Настроение, которое святые мужи приносили в город Александра, было далеко не радостным. Все чаще на улицах можно было видеть отдельных монахов, которые завязывали и поддерживали торговые связи с монастырями и купцами; по указаниям Гиеракса, прибывали нескончаемые вереницы повозок не только с гор, но и из еще более отдаленных мест, даже из Фиваиды. А александрийцы охотно повторяли шутку, что в Египте теперь больше монахов, чем было раньше богов с собачьими головами.

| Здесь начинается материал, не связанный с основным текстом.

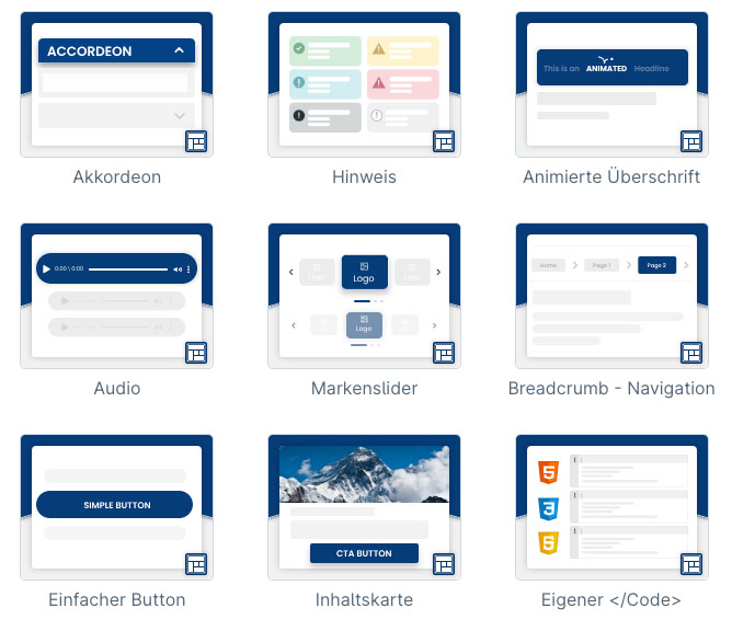 Große Auswahl an CMS-Elementen

Этим попам все были рады. Они приносили деньги или то, что стоило таковых, жили и давали жить другим. Если многие из них пришли с плохими намерениями, то среди богатств города они чаще предавались удовольствиям и делам, чем выполнениям политических планов своей церкви. Правда, черные рясы дали себя знать в кровавом избиении иудеев, но нельзя было сказать, считали ли они это происшествие развлечением или долгом. Во всяком случае, ни чего более они не предпринимали. Как только город успокоился, они первыми начали ратовать за порядок. В то время, как обыкновенные грабители прятались сами и скрывали свою добычу, рясы и клобуки посылали своим монастырям огромные караваны с целыми лавками, и пока купцы еще не доверяли установившемуся миру, монахи на законном основании, с помощью нотариусов, накинулись на иудейское наследство. Покинутые дома, владельцы которых бежали или умерли, переводились на имя церквей на основании благочестивого императорского указа. Имущество иудеев, желавших собрать немного денег на дорогу, скупалось этими монахами за смехотворную цену. На бирже рассказывали, что один из монастырей заплатил за три дцать домиков с садами тридцать золотых.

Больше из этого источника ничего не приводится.